Here's the smallest example I could think of:

import concurrent.futures
import pandas as pd

def example():
    # This is a static table with basic information like distributions
    df = pd.read_parquet("batch/data/mappings.pq")
    # Then there's a bunch of etl, even reading in a few other static tables
    return sum(df.shape)

def main():
    results = []
    with concurrent.futures.ProcessPoolExecutor() as pool:
        futr_results = [pool.submit(example) for _ in range(100)]
        done_results = concurrent.futures.as_completed(futr_results)
        for _ in futr_results: 
            results.append(next(done_results).result())

    return results

if __name__ == "__main__":
    print(main())

Errors:

<jemalloc>: background thread creation failed (11)
terminate called after throwing an instance of 'std::system_error'
  what():  Resource temporarily unavailable
Traceback (most recent call last):
  File "batch/testing.py", line 19, in <module>
    main()
  File "batch/testing.py", line 14, in main
    results.append(next(done_results).result())
  File "/home/a114383/miniconda3/envs/hailsims/lib/python3.7/concurrent/futures/_base.py", line 425, in result
    return self.__get_result()
  File "/home/a114383/miniconda3/envs/hailsims/lib/python3.7/concurrent/futures/_base.py", line 384, in __get_result
    raise self._exception
concurrent.futures.process.BrokenProcessPool: A process in the process pool was terminated abruptly while the future was running or pending.

I'm hoping there's a quick an dirty way to read these (i'm guessing without reference?), otherwise it's looking like i'll need to create all the parameters first without getting them on the fly.


Solution

  • Three things I would try:

    • Pandas has an option for using either PyArrow or FastParquet when reading parquet files. Try using a different one - this seems to be a bug.
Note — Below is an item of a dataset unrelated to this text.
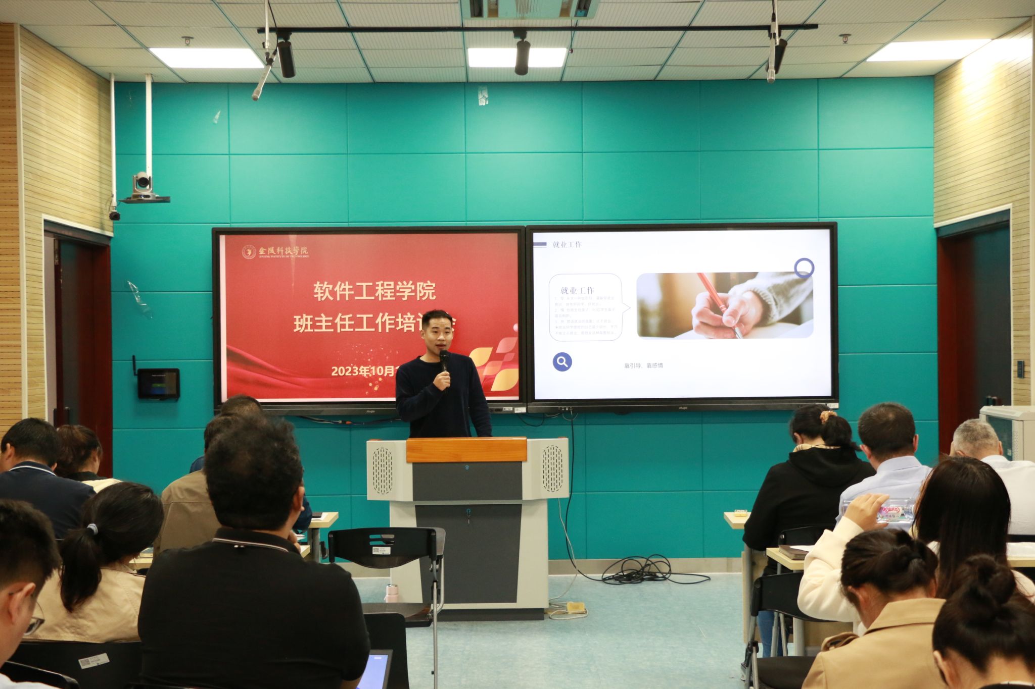 培训内容主要围绕班主任的岗位职责和工作任务展开。张理航老师对学院班主任工作职责和安全管理工作实施方案的相关要求进行了详细解读,他通过已发生的实际案例展示,就班主任如何快速、准确、稳妥的应对方面进行了有益的指导。李勇老师通报了近年来的就业情况及当前的就业形势,提出推进就业工作应该在早准备、育情感和造氛围上下工夫,他在就业理念教育、就业服务指导和搭建就业桥梁等多种措施上进行了重点讲解。杜文娟老师在班级日常管理、学风建设、评奖评优、资助工作、心理工作和班主任工作系统使用方面进行了梳理和培训。邵彦婷老师着重讲述了发展党员的时间节点和发展流程。

    • Try forcing pandas to open the file in read only mode to prevent conflicts due to the file being locked:

    pd.read_parquet(open("batch/data/mappings.pq", "rb"))
    # Also try "r" instead of "rb", not sure if pandas expects string or binary data
    
    • Try loading the file into a StringIO/BytesIO buffer, and then handing that to pandas - this avoids any interaction with the file from pandas itself:
    import io
    
    # either this (binary)
    data = io.BytesIO(open("batch/data/mappings.pq", "rb").read())
    # or this (string)
    data = io.StringIO(open("batch/data/mappings.pq", "r").read())
    
    pd.read_parquet(data)